## [RECORD EXTRACTS]
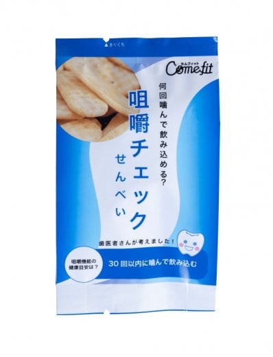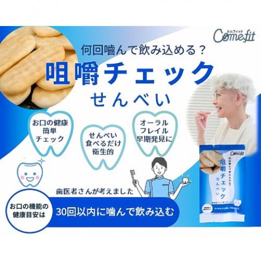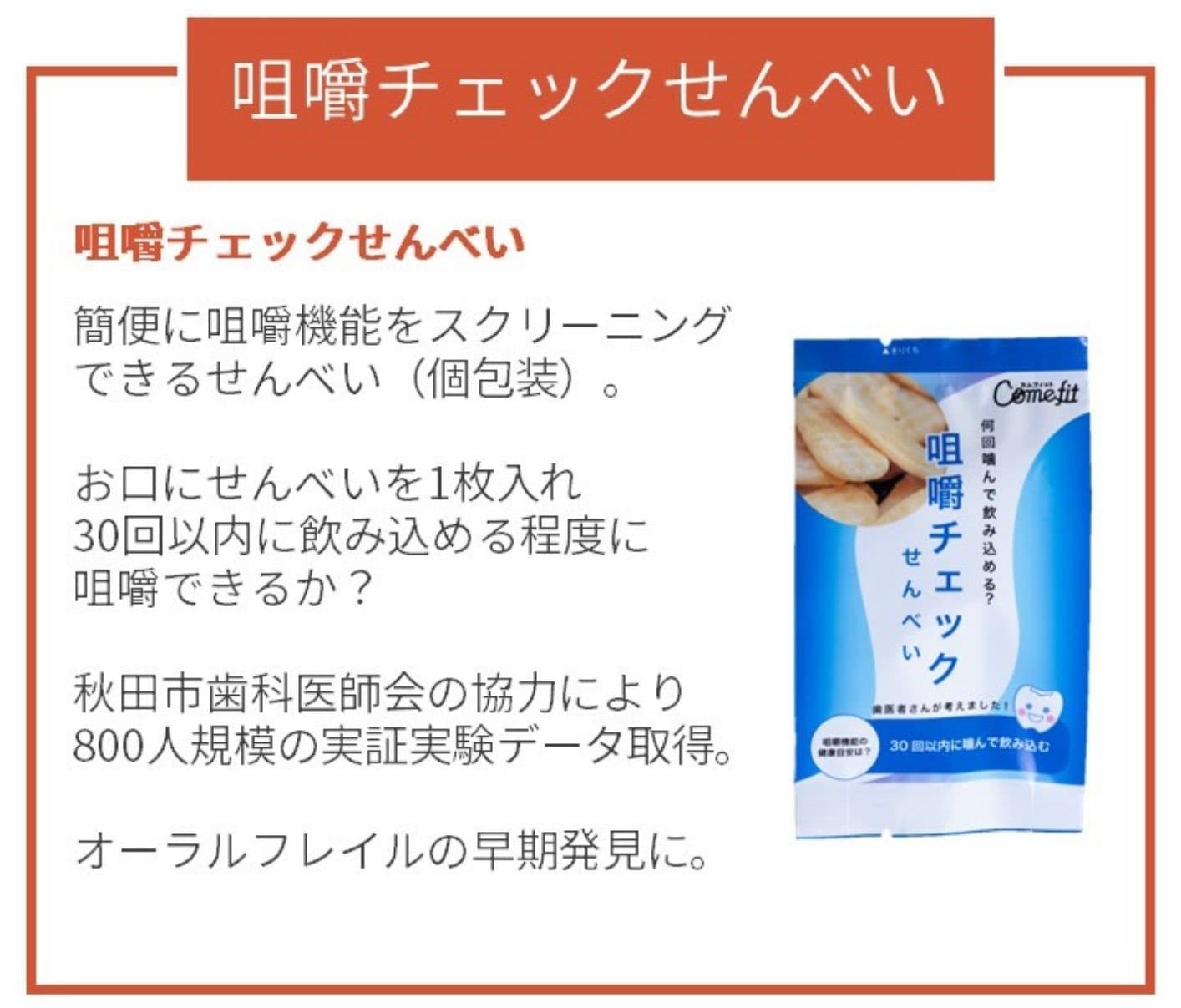 オーラルフレイルの早期発見に!せんべい1枚を30回以内で飲み込めるかでお口の健康状態を手軽にチェックできます(成人対象)。原料は国産米と少しの塩と砂糖のみ。美味しく食べて楽しくお口の健康状態をスクリーニングできます。秋田市歯科医師会協力の800人規模実証データ取得。
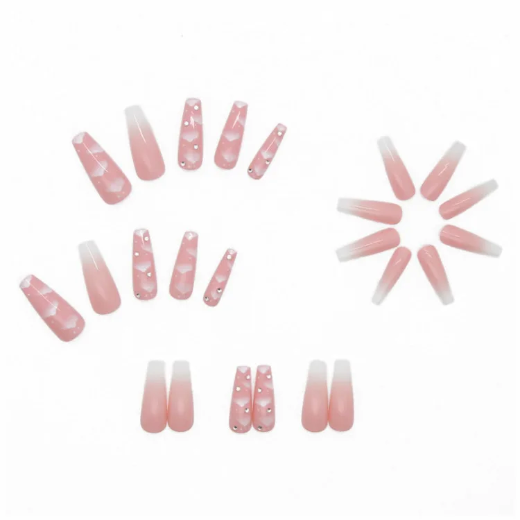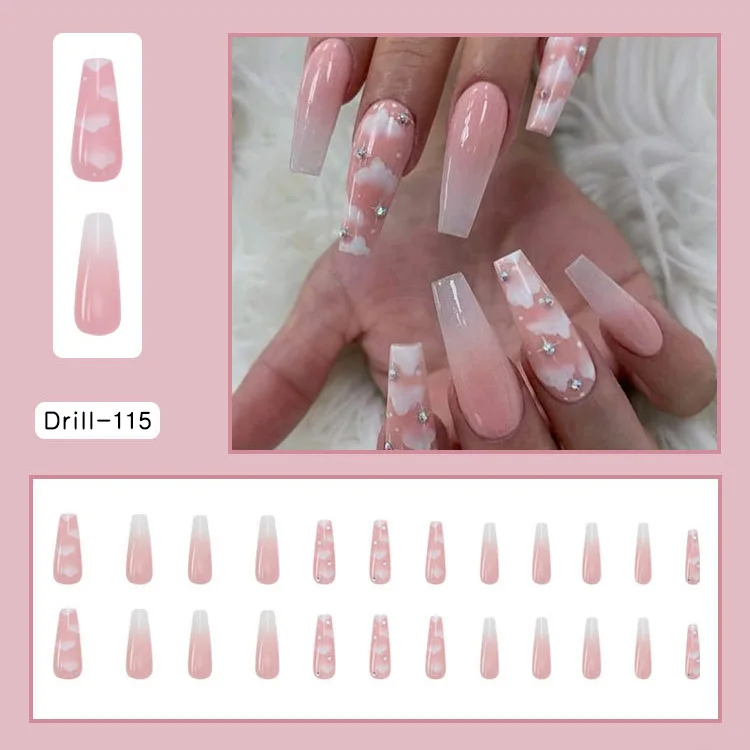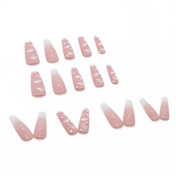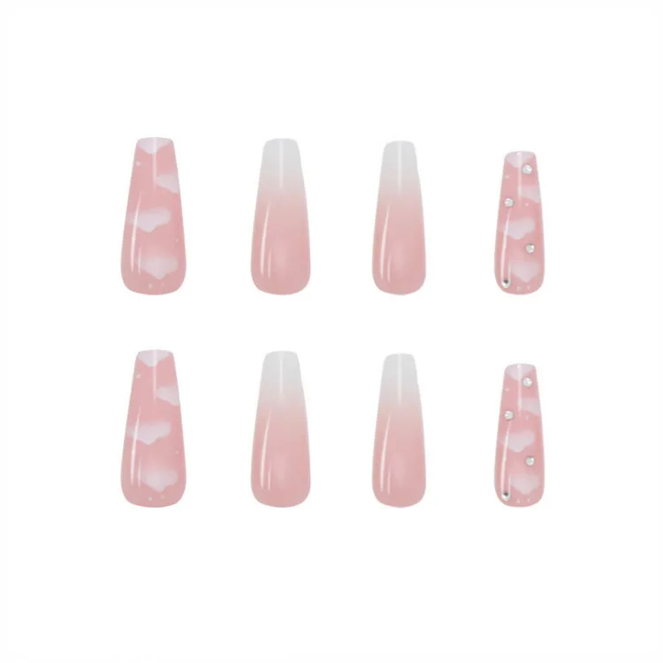 Сверхдлинные накладные ногти балерины, съемные с розовыми облаками,...
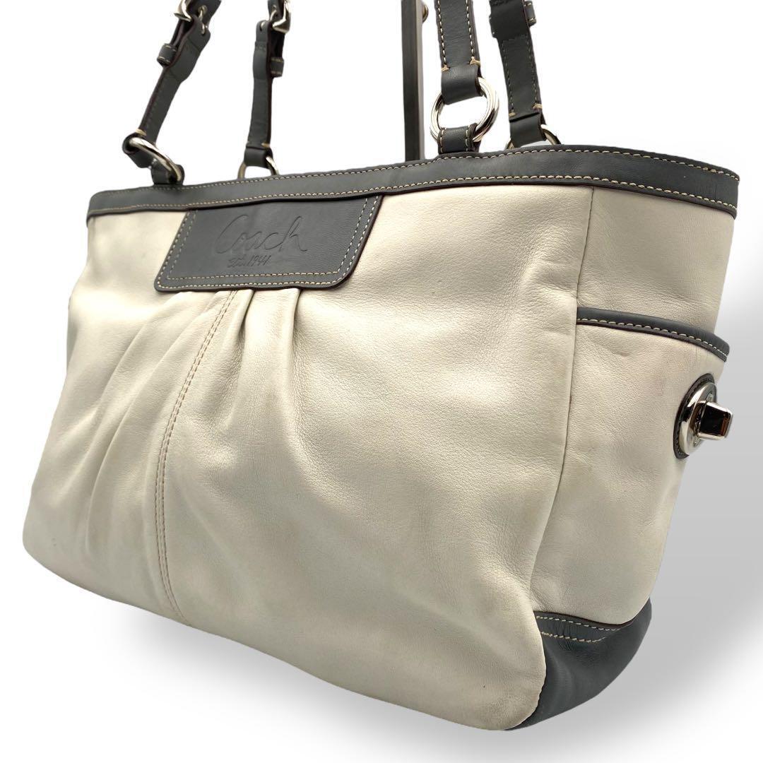 > 美品 COACH コーチ トートバッグ ターンロック オールレザー 灰色 紫 白
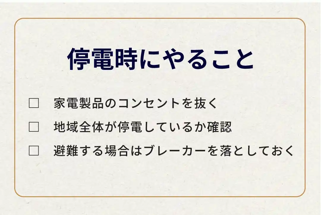 台風や落雷時に突然停電! そんなときは焦ってしまいますが、雨水などが原因で漏電ブレーカーが落ちることは珍しくありません。自宅だけが停電している可能性も十分にあるため、近所一帯を見渡し、自宅の分電盤も確認してください。以下のチェック項目も忘れずに! |
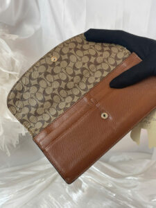 • Logo kim loại tinh xảo: Logo Coach được hiển thị trang nhã bằng kim loại sáng bóng bên ngoài ví, làm nổi bật uy tín của thương hiệu.
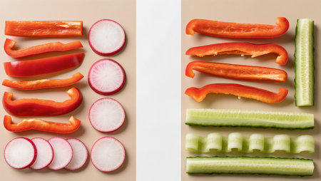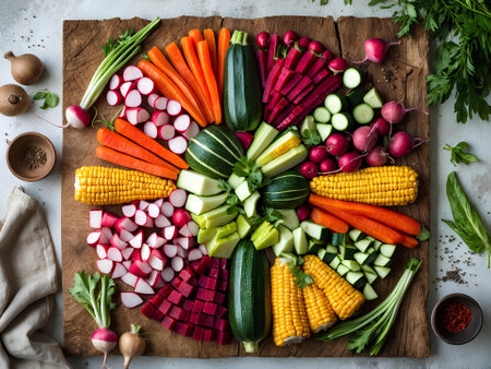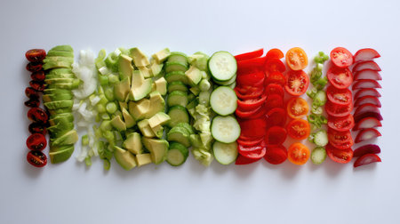 A stunning display of freshly sliced vegetables and fruits showcasing vibrant colors and textures, perfect for healthy recipes and culinary inspirations.

## [WHAT IS BEING ASKED]
Out of the records above, return only the lines from the one with "Сверхдлинные накладные ногти" through the one with "của thương hiệu.", exactly, and none of the pictures.

## [WORKED SOLUTION]
 Сверхдлинные накладные ногти балерины, съемные с розовыми облаками,...
 > 美品 COACH コーチ トートバッグ ターンロック オールレザー 灰色 紫 白
 台風や落雷時に突然停電! そんなときは焦ってしまいますが、雨水などが原因で漏電ブレーカーが落ちることは珍しくありません。自宅だけが停電している可能性も十分にあるため、近所一帯を見渡し、自宅の分電盤も確認してください。以下のチェック項目も忘れずに! |
 • Logo kim loại tinh xảo: Logo Coach được hiển thị trang nhã bằng kim loại sáng bóng bên ngoài ví, làm nổi bật uy tín của thương hiệu.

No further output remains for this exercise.